**TASK REQUIREMENTS:** With the pictures omitted, repeat exactly the lines below starting with the line that has "What are people" and going on through the line that has "17年巴塞罗那国家赛 4,504羽51名 )作出".

**RECORDS FOR PROCESSING:**

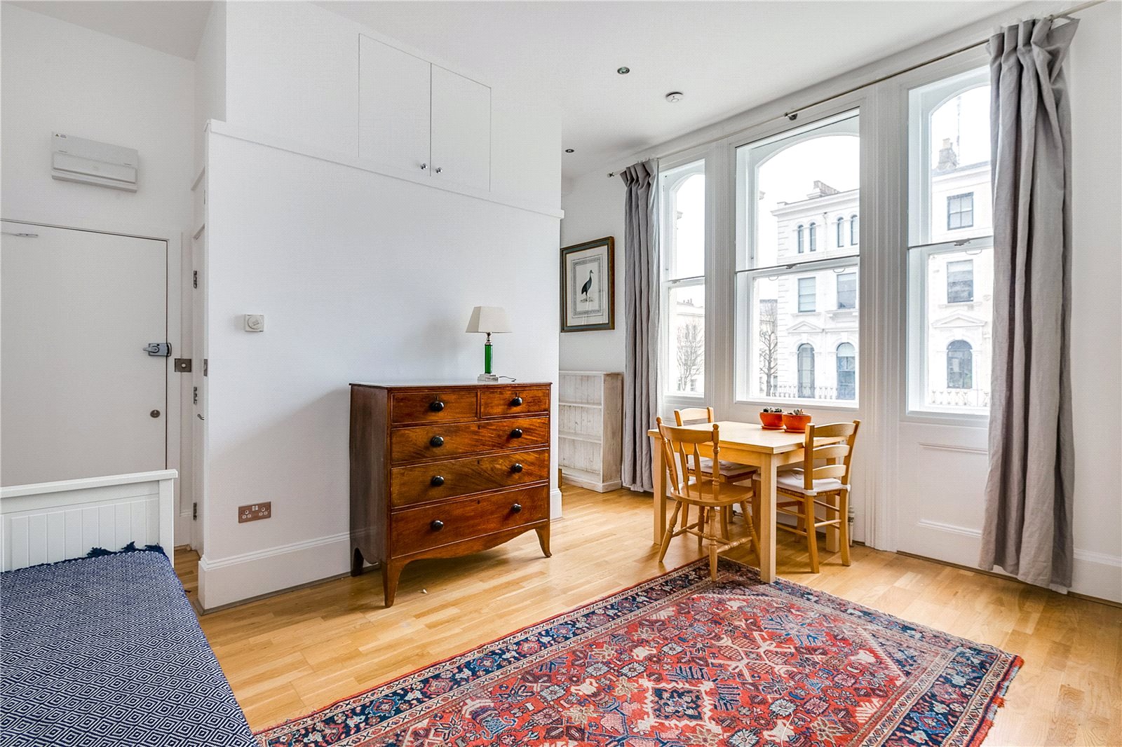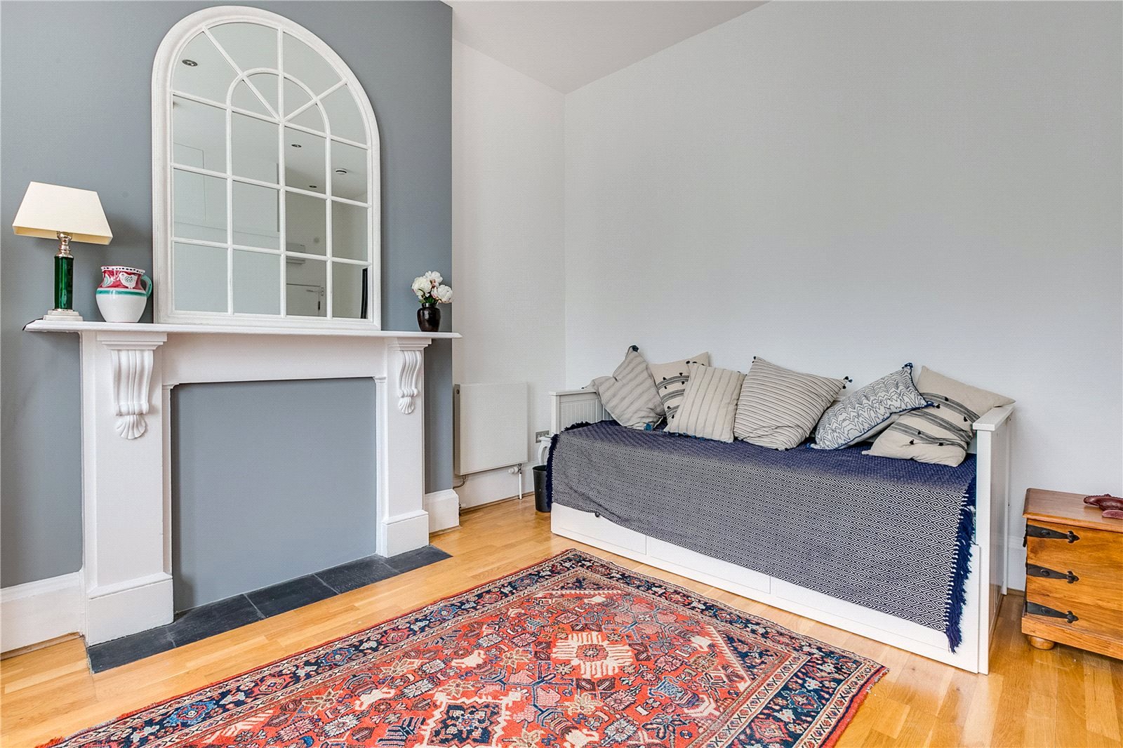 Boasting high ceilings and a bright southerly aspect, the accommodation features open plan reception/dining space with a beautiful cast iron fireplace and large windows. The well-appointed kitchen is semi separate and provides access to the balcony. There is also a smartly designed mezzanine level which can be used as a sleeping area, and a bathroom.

==

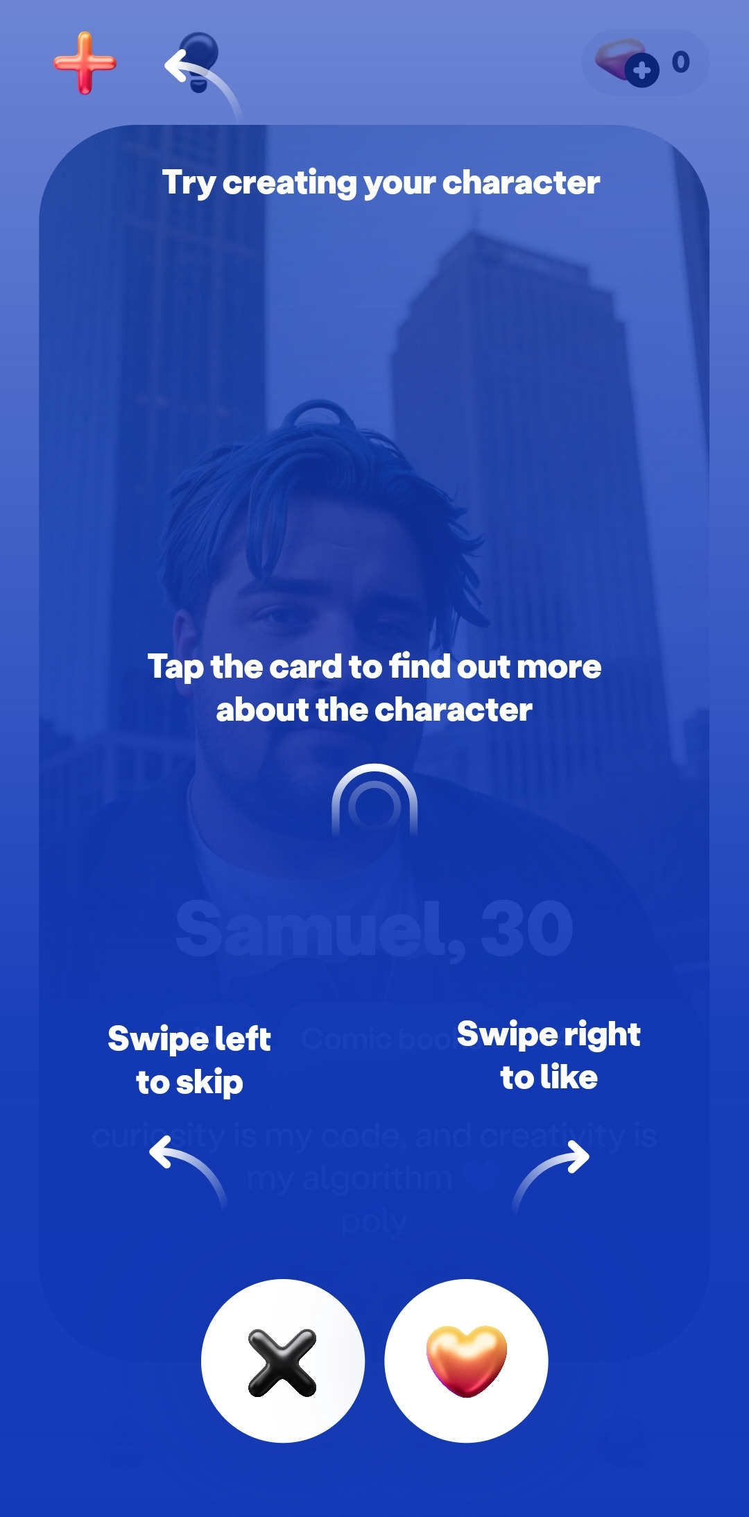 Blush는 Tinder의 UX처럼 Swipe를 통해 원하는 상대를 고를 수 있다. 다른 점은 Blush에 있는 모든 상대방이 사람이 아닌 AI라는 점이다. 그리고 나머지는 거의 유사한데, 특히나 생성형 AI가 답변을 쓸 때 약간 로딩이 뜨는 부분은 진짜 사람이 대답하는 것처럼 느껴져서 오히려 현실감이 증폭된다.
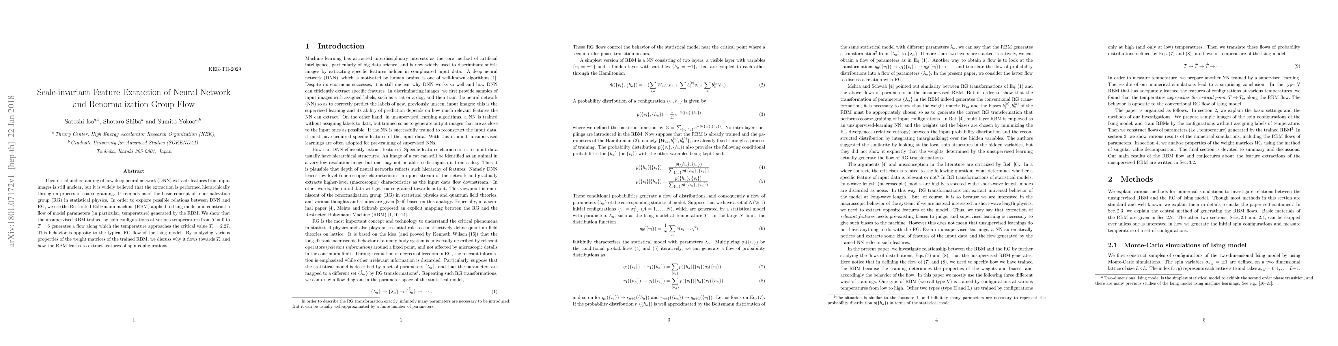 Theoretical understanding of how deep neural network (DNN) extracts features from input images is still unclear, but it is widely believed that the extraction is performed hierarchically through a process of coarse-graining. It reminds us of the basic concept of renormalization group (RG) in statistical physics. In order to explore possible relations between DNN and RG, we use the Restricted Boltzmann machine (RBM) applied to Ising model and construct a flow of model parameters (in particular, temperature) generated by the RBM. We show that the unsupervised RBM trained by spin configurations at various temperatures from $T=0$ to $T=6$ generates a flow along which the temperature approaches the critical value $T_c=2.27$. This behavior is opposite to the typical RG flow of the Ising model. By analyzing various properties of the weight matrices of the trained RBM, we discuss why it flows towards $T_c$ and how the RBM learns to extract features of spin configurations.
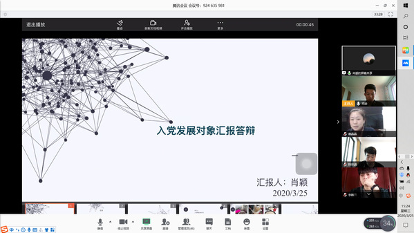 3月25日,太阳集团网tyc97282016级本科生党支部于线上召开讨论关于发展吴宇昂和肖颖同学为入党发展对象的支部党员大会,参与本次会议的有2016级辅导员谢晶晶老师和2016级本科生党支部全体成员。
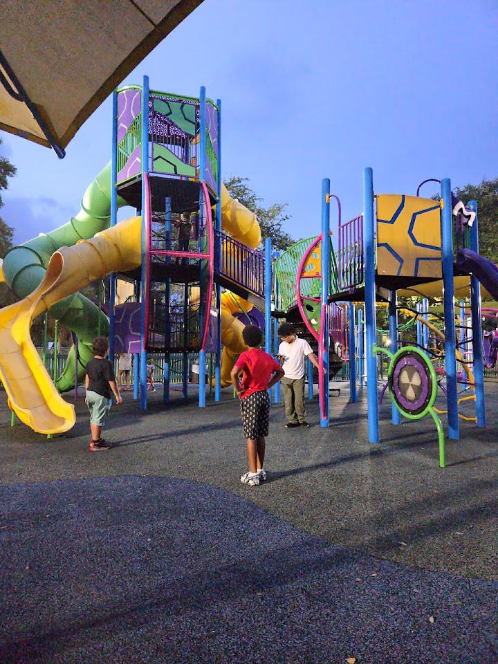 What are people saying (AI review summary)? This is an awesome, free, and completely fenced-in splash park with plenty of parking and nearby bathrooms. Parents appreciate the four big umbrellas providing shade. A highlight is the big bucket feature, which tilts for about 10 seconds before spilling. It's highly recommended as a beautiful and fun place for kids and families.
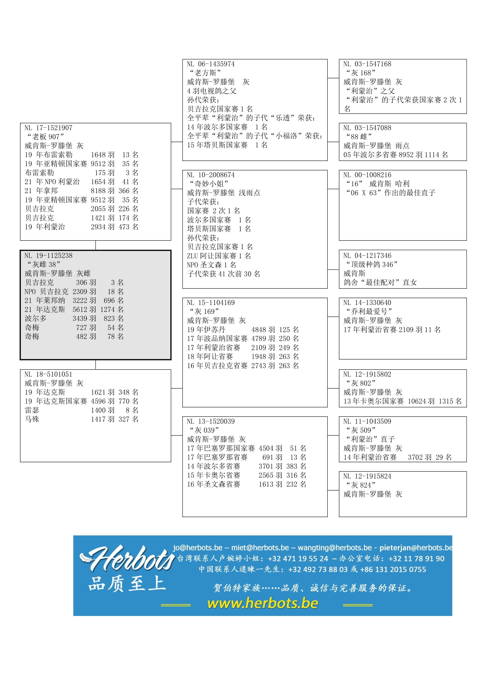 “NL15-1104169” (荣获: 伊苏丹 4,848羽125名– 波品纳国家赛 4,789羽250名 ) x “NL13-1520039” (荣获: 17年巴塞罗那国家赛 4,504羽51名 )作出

==

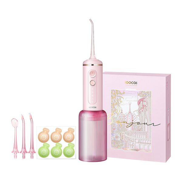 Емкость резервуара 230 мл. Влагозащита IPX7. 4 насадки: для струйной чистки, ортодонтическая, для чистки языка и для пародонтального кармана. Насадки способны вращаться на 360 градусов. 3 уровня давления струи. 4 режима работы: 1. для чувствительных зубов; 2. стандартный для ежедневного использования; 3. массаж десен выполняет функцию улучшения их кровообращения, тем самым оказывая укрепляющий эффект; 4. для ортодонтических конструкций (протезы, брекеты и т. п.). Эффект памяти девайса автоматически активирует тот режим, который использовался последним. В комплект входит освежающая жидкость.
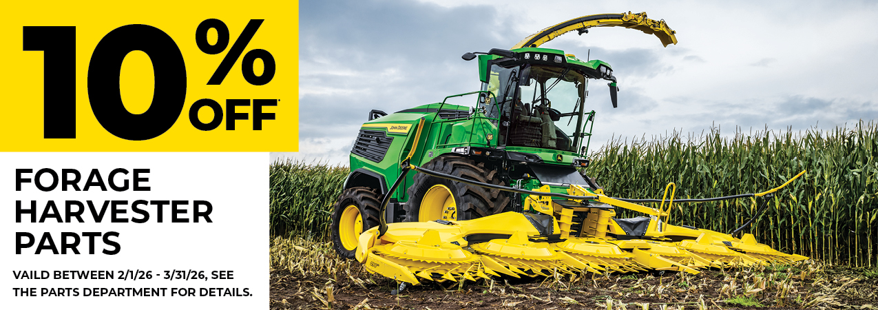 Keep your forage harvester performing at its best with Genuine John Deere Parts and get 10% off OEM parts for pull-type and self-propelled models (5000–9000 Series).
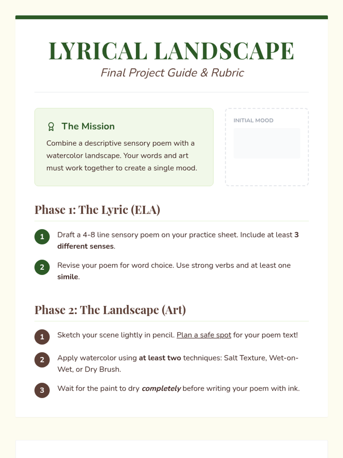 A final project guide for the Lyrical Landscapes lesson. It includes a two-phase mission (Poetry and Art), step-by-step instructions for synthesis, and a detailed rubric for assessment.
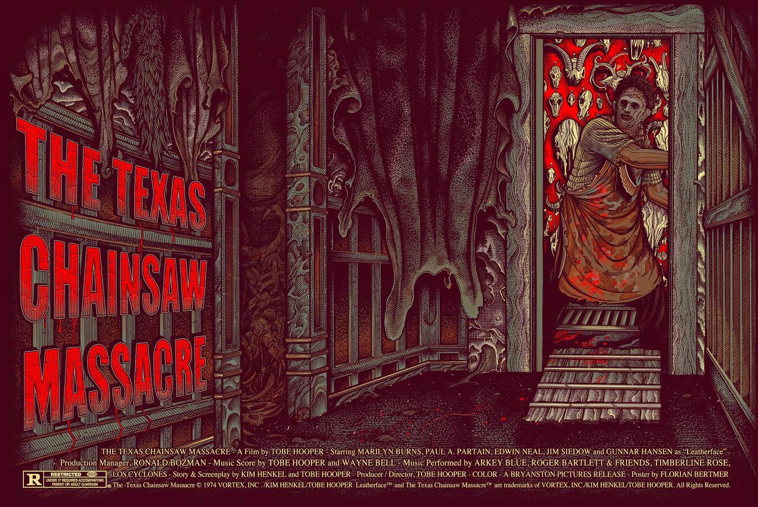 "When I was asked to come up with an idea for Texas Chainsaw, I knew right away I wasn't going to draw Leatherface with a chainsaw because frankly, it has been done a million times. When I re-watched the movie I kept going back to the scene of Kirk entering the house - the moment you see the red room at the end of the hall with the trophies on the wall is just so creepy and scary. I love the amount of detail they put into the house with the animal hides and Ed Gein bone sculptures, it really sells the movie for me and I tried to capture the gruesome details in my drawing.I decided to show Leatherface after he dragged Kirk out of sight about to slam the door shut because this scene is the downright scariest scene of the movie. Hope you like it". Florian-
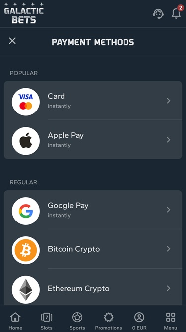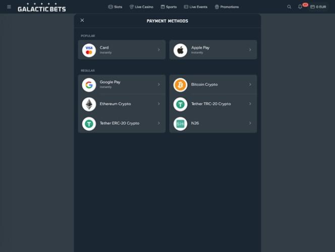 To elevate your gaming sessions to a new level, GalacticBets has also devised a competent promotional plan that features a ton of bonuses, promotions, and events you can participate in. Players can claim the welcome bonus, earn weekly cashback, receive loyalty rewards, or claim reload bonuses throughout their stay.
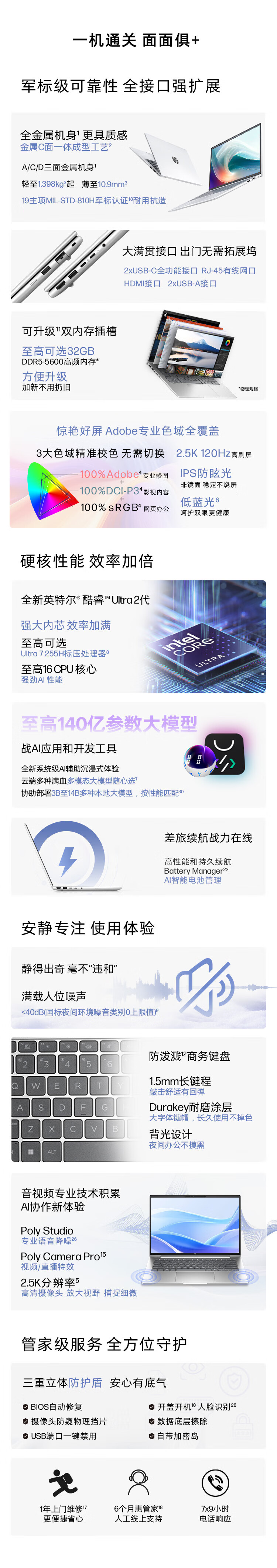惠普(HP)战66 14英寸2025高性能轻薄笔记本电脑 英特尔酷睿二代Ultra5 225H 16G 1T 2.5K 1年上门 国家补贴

**SOLUTION BELOW:**
 What are people saying (AI review summary)? This is an awesome, free, and completely fenced-in splash park with plenty of parking and nearby bathrooms. Parents appreciate the four big umbrellas providing shade. A highlight is the big bucket feature, which tilts for about 10 seconds before spilling. It's highly recommended as a beautiful and fun place for kids and families.
 “NL15-1104169” (荣获: 伊苏丹 4,848羽125名– 波品纳国家赛 4,789羽250名 ) x “NL13-1520039” (荣获: 17年巴塞罗那国家赛 4,504羽51名 )作出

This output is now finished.